Quantum Circuit Implementation of Multi-Dimensional Non-Linear Lattice Models

Abstract

The application of Quantum Computing (QC) to fluid dynamics simulation has developed into a dynamic research topic in recent years. With many flow problems of scientific and engineering interest requiring large computational resources, the potential of QC to speed-up simulations and facilitate more detailed modeling forms the main motivation for this growing research interest. Despite notable progress, many important challenges to creating quantum algorithms for fluid modeling remain. The key challenge of non-linearity of the governing equations in fluid modeling is investigated here in the context of lattice-based modeling of fluids. Quantum circuits for the D1Q3 (one-dimensional, three discrete velocities) Lattice Boltzmann model are detailed along with design trade-offs involving circuit width and depth. Then, the design is extended to a one-dimensional lattice model for the non-linear Burgers equation. To facilitate the evaluation of non-linear terms, the presented quantum circuits employ quantum computational basis encoding.
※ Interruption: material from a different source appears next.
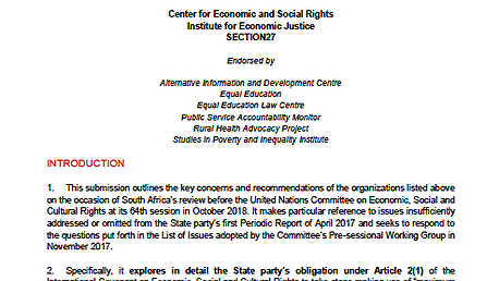 Joint Submission to the Committee on Economic, Social and Cultural Rights for South Africa’s first period report, 64th Session, October 2018
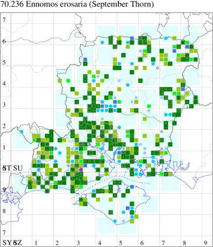 Common in woodland, parks and gardens throughout much of England, spreading into Scotland, a species of conservation concern under the UK Biodiversity Action Plan. In Hampshire and on the Isle of Wight Common and widespread. Although the flight-time histogram shows a smooth curve of emergence, in most years there are two peaks, one in July and another, usually smaller, in September. Wingspan 38-42 mm. The most likely confusion species is

The second part of this work introduces a novel, modular quantum-circuit implementation for non-linear terms in multi-dimensional lattice models. In particular, the evaluation of kinetic energy in two-dimensional models is detailed as the first step toward quantum circuits for the collision term of two- and three-dimensional Lattice Boltzmann methods. The quantum circuit analysis shows that with O(100) fault-tolerant qubits, meaningful proof-of-concept experiments could be performed in the near future.